E il Signore disse a Michele: “Annunzia a Semeyaza e agli altri che, insieme con lui, si unirono con le donne per corrompersi con esse, in tutta la loro impurità: quando tutti i loro figli si trafiggeranno a vicenda, e quando vedranno la morte dei loro cari, legali per settanta generazioni sotto le colline della terra fino al giorno del loro giudizio e della loro fine, fin quando si compirà l'eterna condanna. E, allora, li porteranno nell'inferno di fuoco e saranno chiusi, per l'eternità, in tormenti e in carcere. E quando Semeyaza brucerà e si estinguerà, da allora, insieme con loro, essi saranno legati fino alla fine delle generazioni. E distruggi tutte le anime del piacere e i figli degli angeli vigilanti perché hanno fatto violenza agli uomini!” 




 

Quel giorno il cielo rosso cupo era spruzzato da nubi di cenere nera; non era una novità, da quando ero nato non avevo mai visto il cielo assumere un colore diverso. Probabilmente era colpa delle fiamme che ardevano perpetue sulle mura della Città, rendendo l’aria torrida e impregnandola di polvere sottile e grigia. C’era chi diceva che altrove, lassù in superficie, il cielo fosse azzurro e che si tingesse di rosa e di rosso con il sorgere e il calare del sole. Mi era sempre sembrata una favola assurda. Qui non esistevano né l’alba né il tramonto e se non fosse stato per le fiamme sulle mura, probabilmente l’intera Città sarebbe vissuta nelle tenebre.
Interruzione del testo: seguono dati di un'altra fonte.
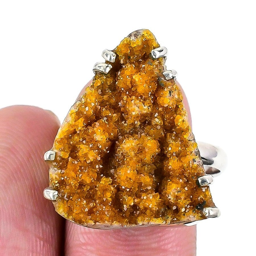 Natural Citrine Drusy Birthday Statement Trendy Ring Jewelry Size 10 925 Silver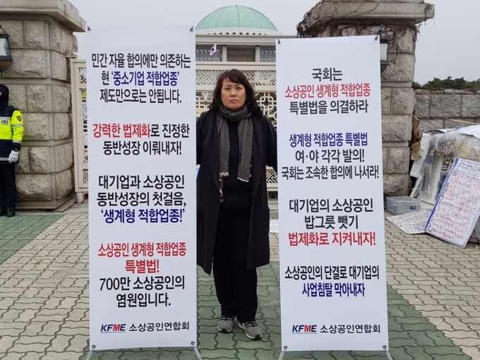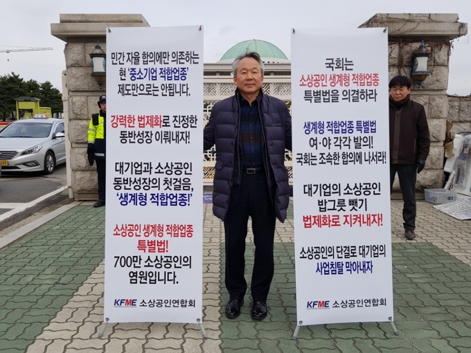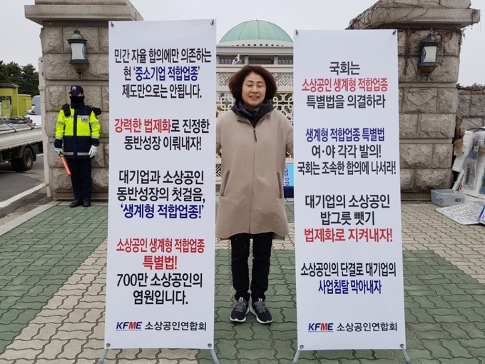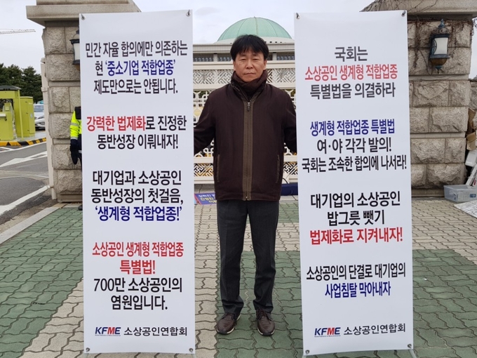 소상공인연합회(회장 최승재)는 국회의 조속한 ‘소상공인 생계형 적합업종 특별법’ 제정을 촉구하는 국회앞 릴레이 1인 시위를 이어갔다.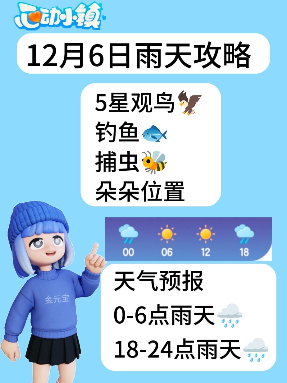 天气预报 0-6点雨天🌧️ 18-24点雨天🌧️ —————— 5星观鸟🦅钓鱼🐟 捕虫🐝 朵朵位置 #心动小镇 #心动小镇创作计划

Una volta avevo sentito favoleggiare un vecchio, vestito di stracci, seduto sul ciglio della strada polverosa, di una sostanza bianca che talvolta scendeva dal cielo e ricopriva la terra di un manto bianco e freddo. Qui l’unica cosa che scendeva dal cielo era la cenere grigia, che in alcuni giorni formava una nebbia talmente fitta che diventava impossibile sia vedere che respirare.
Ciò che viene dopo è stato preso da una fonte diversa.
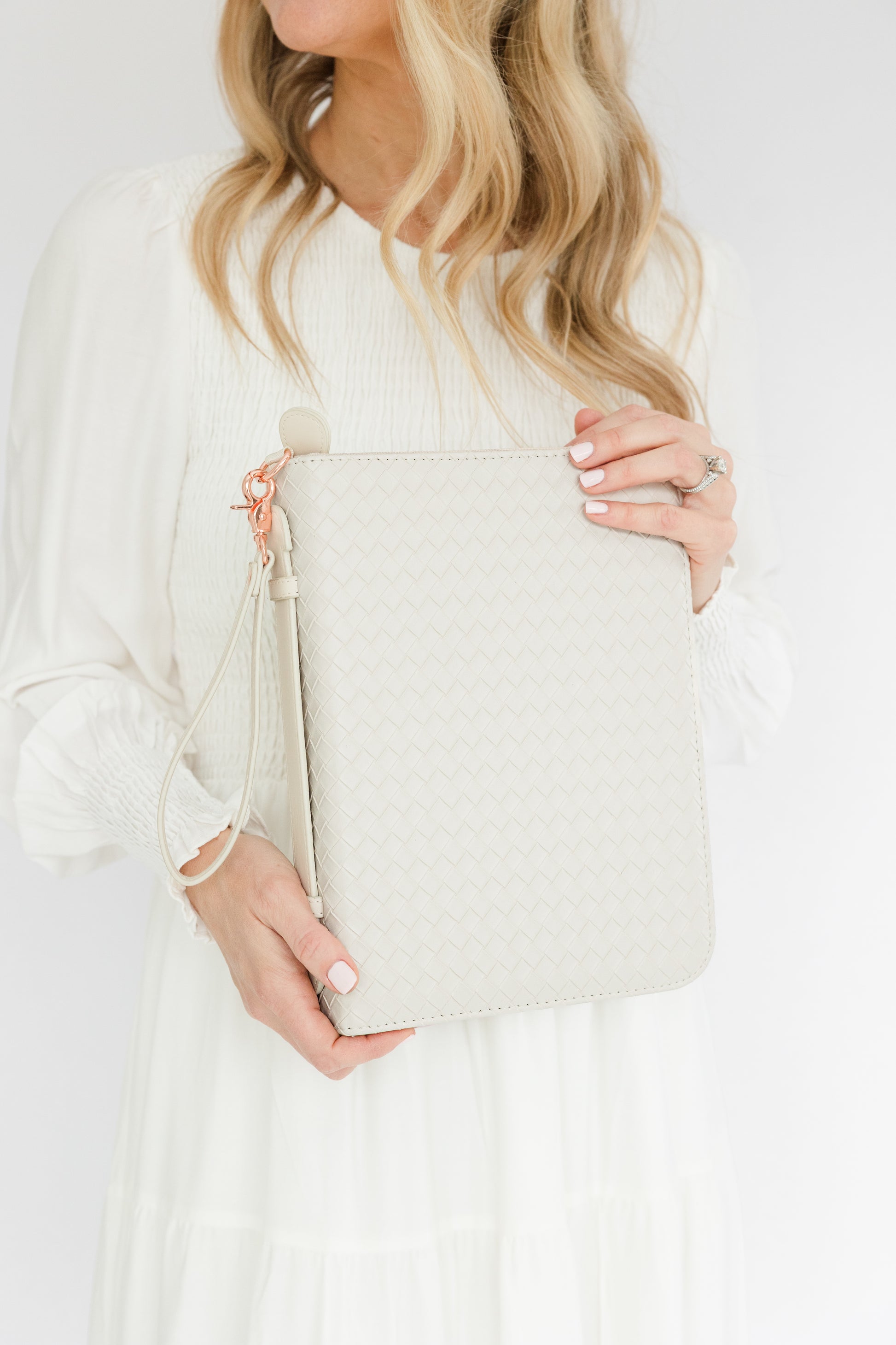 Crafted for everyday functionality and style, this Weave Vegan Leather Bible Case in Pearl is thoughtfully designed for women who love simplicity with a touch of elegance. More than just a Bible cover, it combines fashion and faith into a statement piece.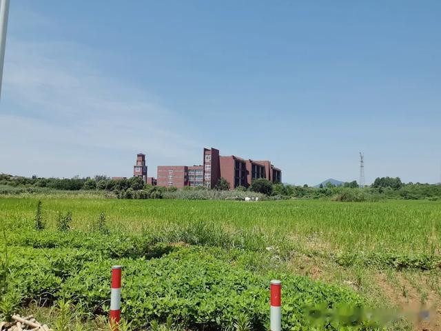 从正门看出去,有一所学校很孤独地在远处的田野深处,据介绍,这是学区横溪中学。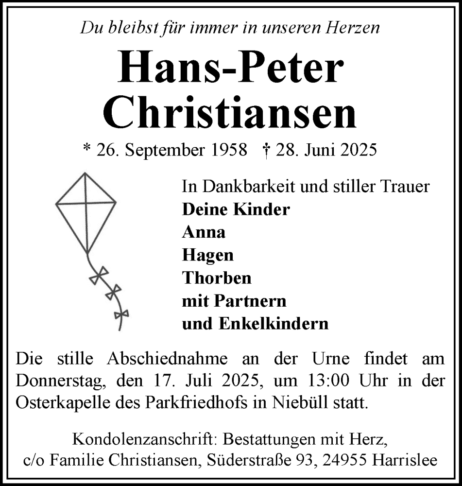Hier finden Sie alle Traueranzeigen aus der Zeitung, die bisher für Hans-Peter Christiansen erschienen sind. Weitere Traueranzeigen, die in der Zeitung erscheinen, werden hier ebenfalls aufgelistet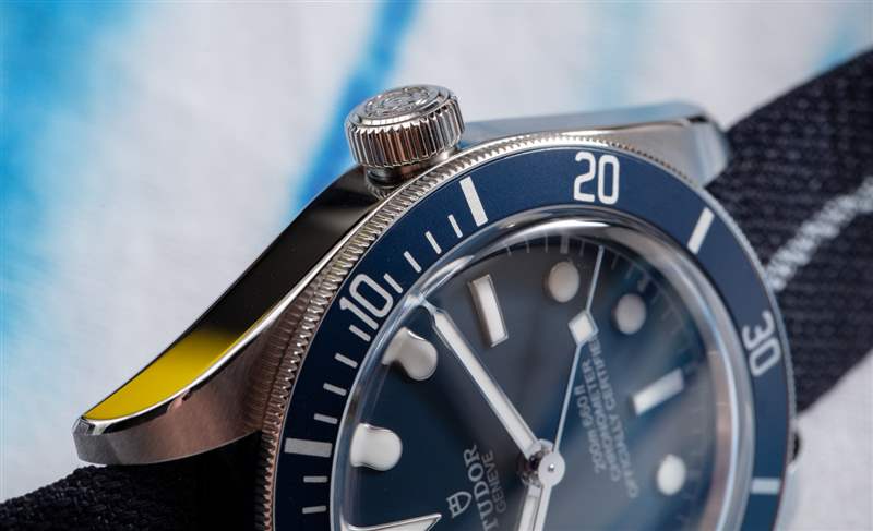 39 毫米寬的表殼是同價(jià)位中最好的鋼材精加工工作之一。表殼結(jié)合了拋光和拉絲表面,并在表耳上增加了拋光角度(角度)。這在設(shè)計(jì)上并不是什么革命性的東西,但它是您在這個(gè)價(jià)位上可以在鐘表中看到的一些最好的結(jié)果(如果不是最好的話)。表冠上方是刻在側(cè)面的都鐸王朝“玫瑰”標(biāo)志。

Distolsi l’attenzione dal cielo, null’altro che un bagliore rossastro, sollevai la mia sciarpa fino sotto gli occhi e attesi appostato al lato del bancone della frutta. Avevo fame, ma era una fame che non poteva essere saziata. Qui i cibi non riempivano lo stomaco, erano soltanto una soddisfazione momentanea per chi poteva permetterselo, cioè molto pochi. Non girava molto denaro per la Città e le monete più frequenti erano quelle di rame o di bronzo; l’oro era talmente raro da essere leggendario. C’erano due categorie di persone nella Città, quelli che della loro fame insaziabile se ne facevano una ragione e chi impazziva; io, fortunatamente, ero tra i primi. Quelli che stavano peggio erano gli abitanti del quartiere dei Golosi; in quella zona i fenomeni di cannibalismo erano molto frequenti nonostante i ripetuti interventi dei Guardiani e le quarantene. Era pericoloso passare per quella zona, in un batter d’occhio potevi ritrovarti nella pentola di qualcuno, ma quale quartiere era davvero sicuro? In quello dei Lussuriosi rischiavi di essere stuprato, in quello degli Iracondi massacrato senza pietà.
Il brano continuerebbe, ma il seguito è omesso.